Here is what is on my reading shelf these days:

The Bridge: The Life and Rise of Barack Obama, by David Remnick (new paperback edition).

Definitely the deepest, most comprehensive book on Obama done so far. Remnick is a master weaver of a narrative and the book is a pleasure to read. I have a quoted it a couple times on blogs and am sure to do so as I work my way through the whole book. Besides being comprehensive, the book is also noteworthy for the way it places Obama’s career within the broad stream of civil rights history. Gwen Ifill, the PBS commentator and author, has a spot-on review of some of the book’s major points.

George Kennan: A Study of Character, by John Lukacs.

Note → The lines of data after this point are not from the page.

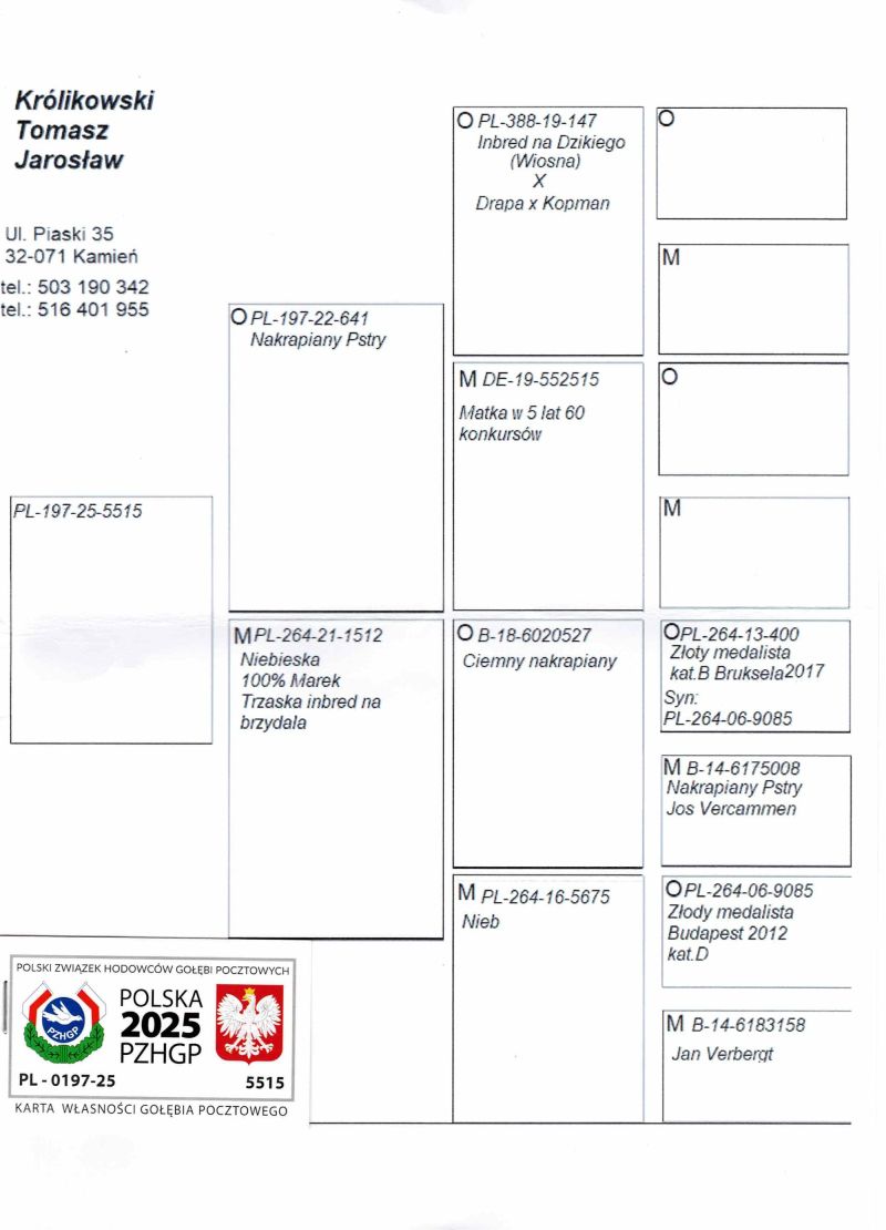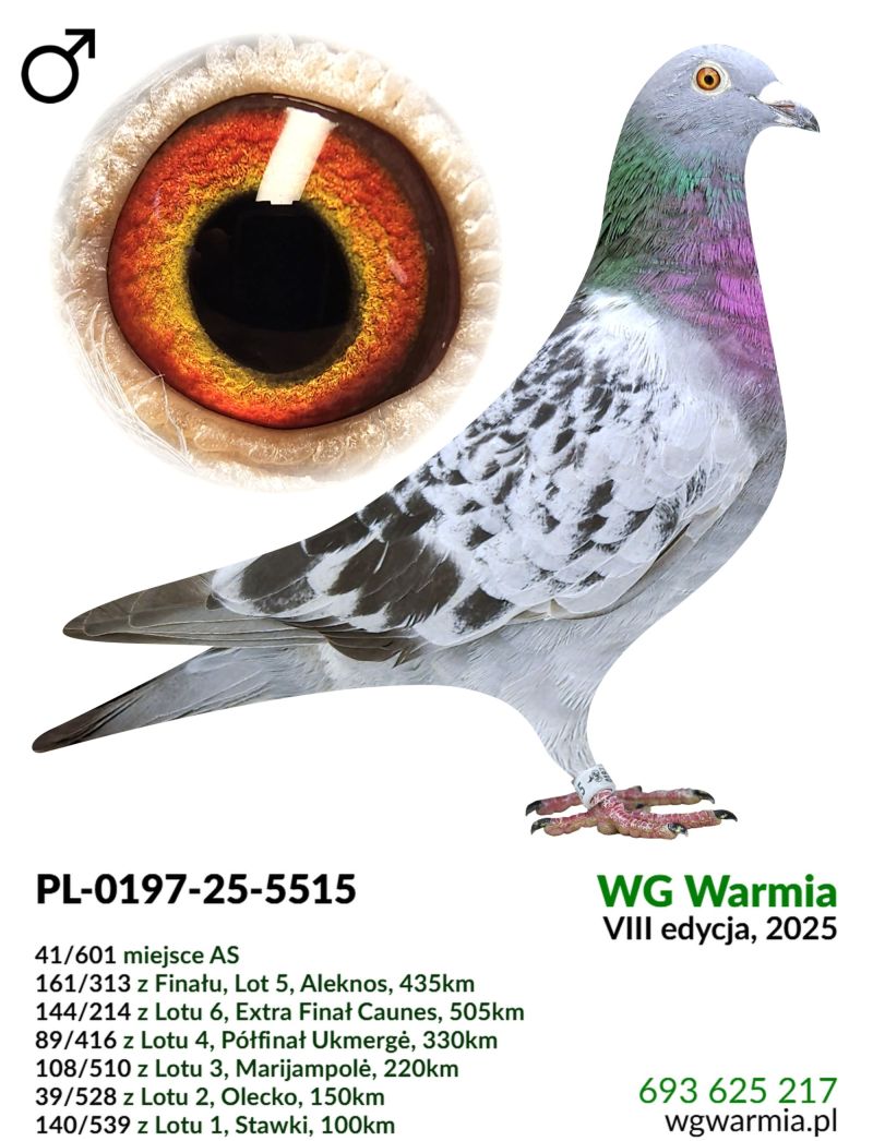 Uczestnik WG Warmia 2025, sezon VIII. Loty z kierunku północny wschód, Litwa. 161 z Finału, 41 AS, 144 z Extra Finału. Szczegóły pochodzenia w rodowodzie.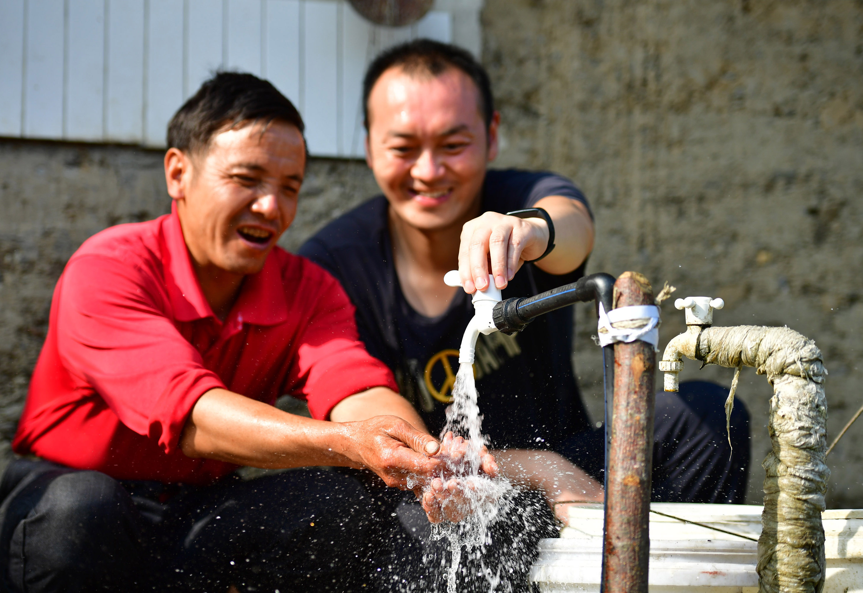 陕西省安康市汉滨区中原镇麻庙村第一书记宋双双(右)与村民熊宗兵打开接通到户的自来水(2019年6月25日摄)。新华社记者 邵瑞 摄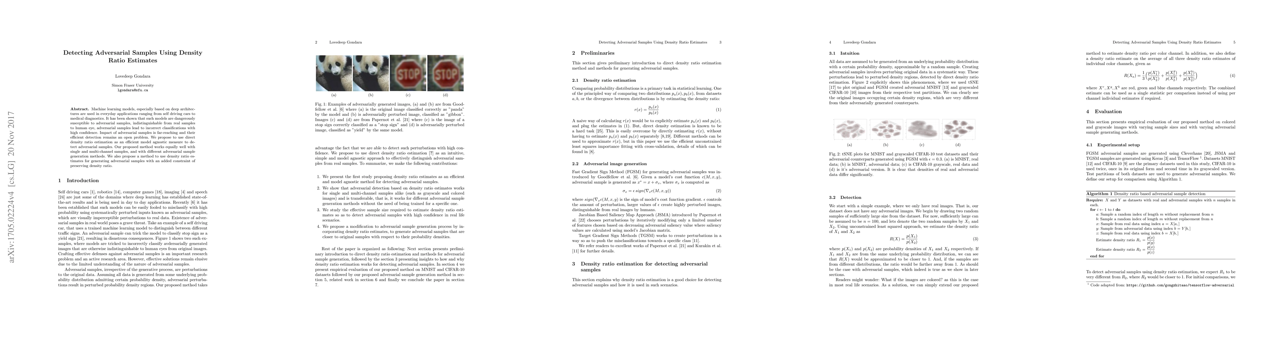 Machine learning models, especially based on deep architectures are used in everyday applications ranging from self driving cars to medical diagnostics. It has been shown that such models are dangerously susceptible to adversarial samples, indistinguishable from real samples to human eye, adversarial samples lead to incorrect classifications with high confidence. Impact of adversarial samples is far-reaching and their efficient detection remains an open problem. We propose to use direct density ratio estimation as an efficient model agnostic measure to detect adversarial samples. Our proposed method works equally well with single and multi-channel samples, and with different adversarial sample generation methods. We also propose a method to use density ratio estimates for generating adversarial samples with an added constraint of preserving density ratio.

You can’t beat this---my favorite historian not named Noll writing about one of my favorite Americans. Lukacs has taken to writing short essayish books in recent years. I appreciated his Five Days in London: May 1940 and June, 1941: Hitler and Stalin, which both came in under 200 pages. Lukacs on Kennan is interesting because he knew him personally and holds him in high moral esteem.

Mother Teresa: The Private Writings of the ‘Saint of Calcutta’, edited with commentary by Brian Kolodiejchuk, M.C.

I have wanted to read this book ever since this moving review essay of it by Carol Zaleski in First Things seven years ago. If you are not familiar with the book, here is the basic idea: Mother Teresa struggled mightily and had moments, if not years, of the “dark night of the soul.” This book for the first time uses personal reflections from Mother Teresa to weave a fuller picture of her life. As Zaleski said in her essay,

When we consider her life and the ongoing life of her community, the Church seems young again, and everything seems possible. If these days are in any sense a dark night for the Church, then Mother Teresa shows the way forward: faith that we are undergoing a purification rather than a free-fall, and fidelity, in small things as well as big, to the vows that bind in order to set free.